Fig. 8B is a time-based signal associated with the CS comparator of fig. 8A.

Fig. 9A is a block diagram of a second possible implementation of a Current Sense (CS) comparator for the possible implementation of the resonant offset compensation circuit of fig. 5.

Fig. 9B is a time-based signal associated with the CS comparator of fig. 9A.

Fig. 10 is a block diagram of an LED level measurement circuit according to a possible embodiment of the present disclosure.

Fig. 11 is a block diagram of a duty cycle generation circuit according to a possible embodiment of the present disclosure.

Fig. 12 is a detailed block diagram of an LED system with dimming control according to an embodiment of the present disclosure.

Fig. 13 is a flowchart of a method for driving an LED according to an embodiment of the present disclosure.

Fig. 14 and 15 show variations of the embodiments described herein.

The components in the drawings are not necessarily to scale relative to each other. Like reference numerals designate corresponding parts throughout the several views.

Detailed Description

The present disclosure describes a circuit and method for accurately controlling a converter circuit, particularly when the converter circuit is operating in Discontinuous Current Mode (DCM) to deliver current or voltage to a load. The disclosed circuits and methods may be implemented for analog dimming of LEDs and may address the lack of accurate dimming control at low light levels of LEDs. The disclosed circuits and methods may provide the advantageous result of extending the controllable range of LED light levels without using pulsed dimming, which may have undesirable flicker or noise.

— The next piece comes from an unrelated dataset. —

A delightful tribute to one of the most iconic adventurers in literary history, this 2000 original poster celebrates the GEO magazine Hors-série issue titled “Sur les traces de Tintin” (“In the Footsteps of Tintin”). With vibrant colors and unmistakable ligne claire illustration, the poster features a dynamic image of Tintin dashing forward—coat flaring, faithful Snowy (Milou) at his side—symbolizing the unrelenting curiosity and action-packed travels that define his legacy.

Analog dimming uses direct control of the current level through the LED to adjust its brightness (i.e., level). Fig. 1 is a block diagram of an LED system with dimming control. In system 100, an asynchronous (single switch) switch mode DC-DC converter is used to power the LED diodes (D _LED). As shown, the converter may be implemented as a buck converter circuit 110 (i.e., buck converter). The concepts described herein may also be implemented in a boost converter circuit or a buck-boost converter circuit.

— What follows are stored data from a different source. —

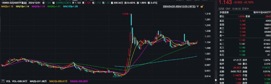 相关ETF方面,A50ETF基金(159592)早盘拉升,截至发稿涨0.18%,成交额超5400万元,换手率1.60%,早盘交投活跃。Wind金融终端数据显示,截至12月24日,A50ETF基金(159592)最新流通规模33.65亿元,最新流通份额29.48亿份。
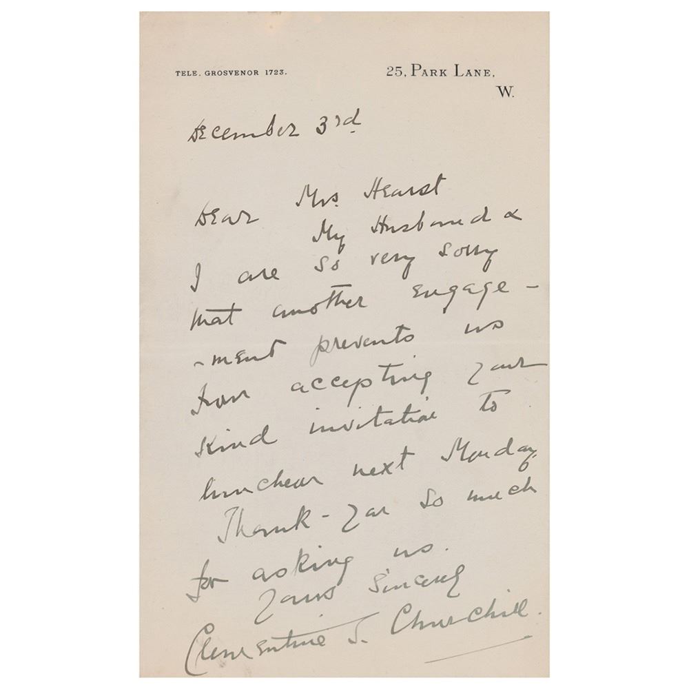 ALS signed “Clementine S. Churchill,” one page, 5 x 8, 25 Park Lane letterhead, December 3 [1929]. Handwritten letter to Millicent Hearst, the wife of media tycoon William Randolph Hearst, in full: "My husband and I are so very sorry that another engagement presents us from accepting your kind invitation to luncheon next Monday. Thank-you so much for asking us." In fine condition. Accompanied by two postal telegraphs from Churchill to Hearst, dated October 18 and 26, 1929, both of which regard tea or dinner get-togethers.
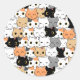 Cute kitten doodle seamless pattern Classic Round Sticker .
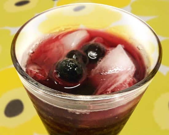 カキ氷や駄菓子なども売られている中、北欧ミートボール丼とビルベリージュースを注文。
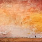 Fisherman Walking Home against a Painted Sunset Sky
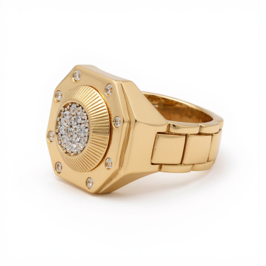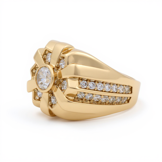 14K Yellow Gold Fashion RX Men’s Ring with White Stones / Size 11 / Weight: 11.6 GR / DOMR4RX
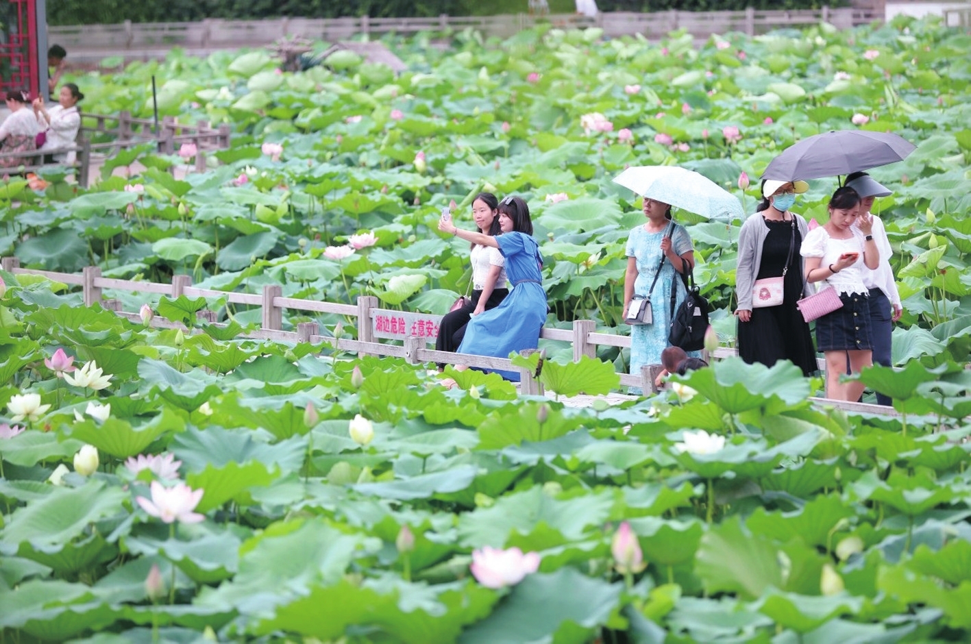 七一前夕,郑州紫荆山公园荷花展拉开帷幕。

Buck converter 110 may include a switch (e.g., transistor Q _BUCK), an inductor (L _BUCK), and a diode (D _BUCK). Buck converter 110 is configured to receive an input voltage (V _IN) and output a substantially constant current (I _L) to a load. For example, the buck converter outputs a substantially constant current to the LED diode such that the LED produces light of a particular brightness. To regulate the current (i.e., brightness), a pulse width modulated signal (i.e., PWM signal (V _PWM)) is applied to the control (e.g., gate) terminal of the transistor (Q _BUCK) to cycle the transistor on and off. The PWM signal (V _PWM) has a duty cycle defined by the percentage of time that the transistor is on (i.e., turned on) and the total time of the on/off cycle (i.e., period). When the transistor (Q _BUCK) is on, the input voltage induces a current (I _L) through the LED (D _LED) and the inductor (L _BUCK) to ground through the turned-on transistor (Q _BUCK). When the transistor (Q _BUCK) is off, the charged inductor (L _BUCK) maintains the current (I _L) flowing through the buck converter diode (D _BUCK). In this way, an almost constant current through the LED can be maintained. By adjusting the duty cycle of the PWM signal (V _PWM), the brightness of the LED (D _LED) can be controlled. In addition, an LED capacitor (C _LED) may be included to minimize current ripple between on/off states of the circuit. In addition, an input capacitor (C _IN) may be included to minimize high frequency noise on the input voltage (V _IN).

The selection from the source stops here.